Looking around at the code in question, I noticed a few things.

  • We only ever use Unicode::Escape in one place.
  • It has facilities for lots of different character encodings.
  • We only ever feed it utf8.

So I thought of writing something that assumes its input is utf8 so it doesn't have to work on anything else.

My first approach was to build a hash that maps utf8 encoded strings to JavaScript escapes for those strings. Then I could do one big s/// replacement with quick little hash lookups instead of any function calls. I could hard code the data structures in a new module, and it would sit on some memory to gain speed. As it turns out, the table would have been too big for this to be a workable solution.

I also tried to use Unicode::Escape as a baseline to figure out how to escape everything, but I gave up on that when it turns out "\xc2\xc2" is "\\ufffd\\ufffd" and "\x80" is "\\ufffd" but "\xc2\xc2\x80" is "\\ufffd\\u0080".

I finally wrote the following based on my reading of UTF-8.

# This does what Unicode::Escape::escape does, except a lot less. # It assumes the input is utf8 encoded. # It assumes the input is defined. # Invalid utf8 is deleted silently. sub utf8_escape { # Short circuit if it's all seven bit ASCII. return $_[0] unless $_[0] =~ /[\x80-\xff]/; my $s = shift; $s =~ s{ ([\xc2-\xdf]) ([\x80-\xbf]) }{ '\\u' . sprintf( '%04x', ( ( 0b00011111 & ord $1 ) << 6 ) | ( 0b00111111 & ord $2 ) ) }exmsg; $s =~ s{ ([\xe0-\xef]) ([\x80-\xbf]) ([\x80-\xbf]) }{ '\\u' . sprintf( '%04x', ( ( 0b00001111 & ord $1 ) << 12 ) | ( ( 0b00111111 & ord $2 ) << 6 ) | ( 0b00111111 & ord $3 ) ) }exmsg; # valid utf8 that can't be encoded in \uXXXX $s =~ s{ [\xf0-\xf4] [\x80-\xbf]{3} }{\\ufffd}xmsg; # invalid utf8 $s =~ tr/\x80-\xff//d; return $s; }

Checking my work

I did functional testing using a string from the Unicode::Escape tests and also some I cooked up on my own. I basically check it by confirming that it gets the same thing the original does, given valid inputs.

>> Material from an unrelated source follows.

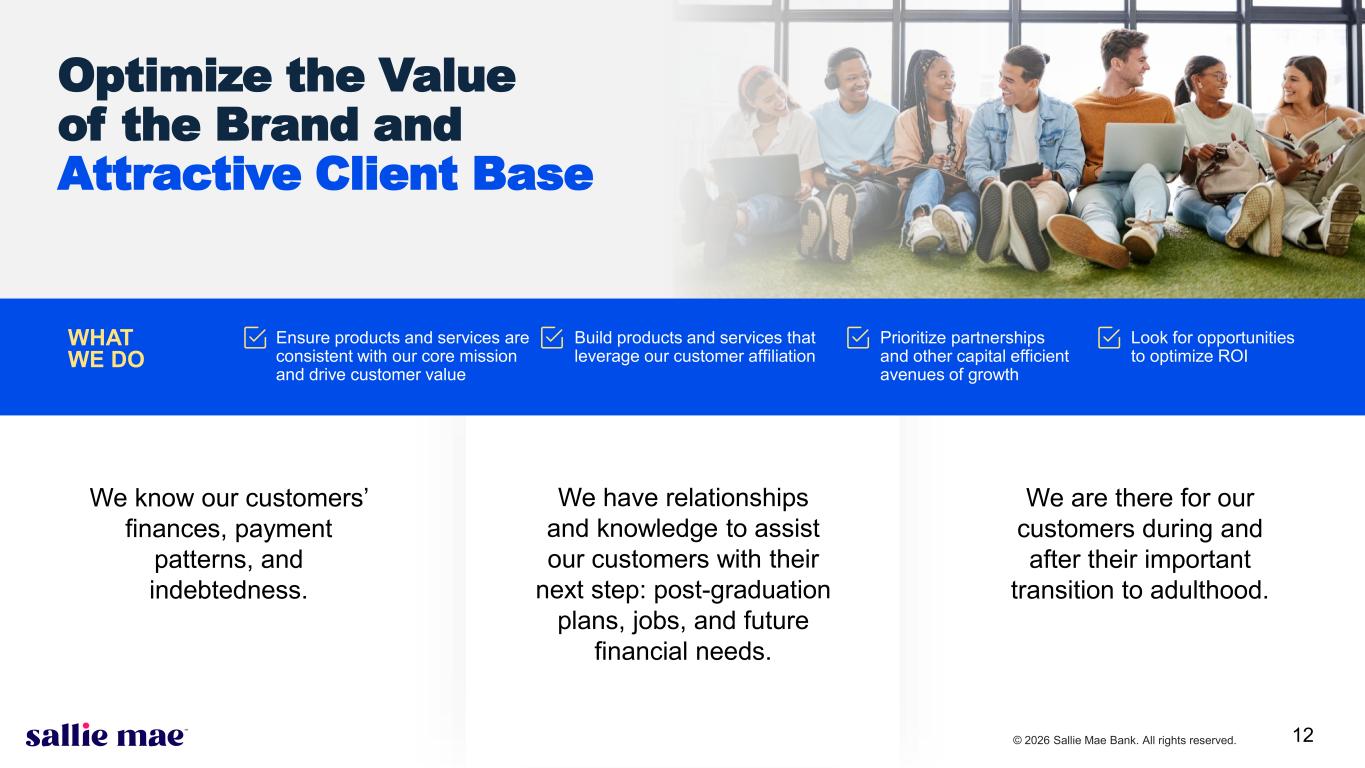11© 2026 Sallie Mae Bank. All rights reserved. STRATEGIES TO MAXIMIZE REVENUE STRATEGIES TO MANAGE UNIT COSTS Our Proven Strategy Aims to Maximize the Profitability and Growth of the Core Business Drive penetration at all schools Increase market share by bridging gaps in student funding needs Enhance risk-adjusted pricing and underwriting Improve marketing, digital, and data capabilities Maintain strong focus on fixed cost discipline Drive towards reducing both the unit cost of servicing and the unit cost of acquisitions Improve third-party vendor cost management Drive towards strong operating leverage © 2026 Sallie Mae Bank. All rights reserved.

I also did the same kind of confirmation using several hundred documents from our database.

use strict; use warnings; use Test::More; use Unicode::Escape; my @test_texts = ( { text => "\x{e3}\x{81}\x{82}" . "\x{e3}\x{81}\x{84}" . "\x{e3}\x{81}\x{86}" . "\x{e3}\x{81}\x{88}" . "\x{e3}\x{81}\x{8a}", name => 'utf8 test from Unicode::Escape-0.0.2', }, { text => q{}, name => 'empty string', }, { text => '0', name => 'zero (false-looking)', }, { text => "\x{c2}\x{a2}" . "\x{c2}\x{a3}" . "\x{c2}\x{a4}", name => 'some two-byte utf8', }, # Unicode::Escape escapes this as '\udbea\udfcd' What's that? # { # text => "\x{f4}\x{8a}\x{af}\x{8d}", # name => 'four-byte utf8', # }, { text => "one: X, two: \x{c2}\x{a5}, three: \x{e3}\x{81}\x{8a}" +, name => 'mixed character length utf8', }, ); plan 'tests' => scalar @test_texts; foreach my $t ( @test_texts ) { die 'bad test data' if grep { ! defined $t->{$_} } qw( text name ) +; my $text = $t->{text}; my $canonical = Unicode::Escape::escape( $text ); my $test = utf8_escape( $text ); # I use 'ok' with 'eq' instead of 'is' so that a failure doesn't # puke a lot of unintelligible yuck. ok( $canonical eq $test, "correct escaping for '$t->{name}'" ); }

I compared their speed using Benchmark to confirm that my new solution really does go faster.

use strict; use warnings; use Unicode::Escape; use Benchmark qw( cmpthese timethese ); my $subs = { 'utf8esc' => sub { utf8_escape( $content ) }, 'Uni::Esc' => sub { Unicode::Escape::escape( $content ) }, }; my @texts = ( [ 'abc123ABC456' x 10_000, 'no utf8' ], [ "\x{e3}\x{81}\x{82}\x{e3}\x{81}\x{84}\x{e3}\x{81}\x{86}\x{e3}\x{ +81}\x{88}\x{e3}\x{81}\x{8a}" x 10_000, 'all 3-byte utf8' ], ); foreach my $txt ( @texts ) { $test_text = $txt->[0]; print "*** $txt->[1]\n"; cmpthese( -30, $subs ); }

The results are about what I expected. The new solution is dramatically faster in the case where it doesn't have to do anything (i.e., it's all seven bit ASCII) and still a lot faster in its worst case of doing a lot of work.

Faster faster faster?

Alert monks may notice that my solution scans the input string five times. Could we match the various multi-byte encodings with a single regular expression and eliminate some of those scans? I tried that.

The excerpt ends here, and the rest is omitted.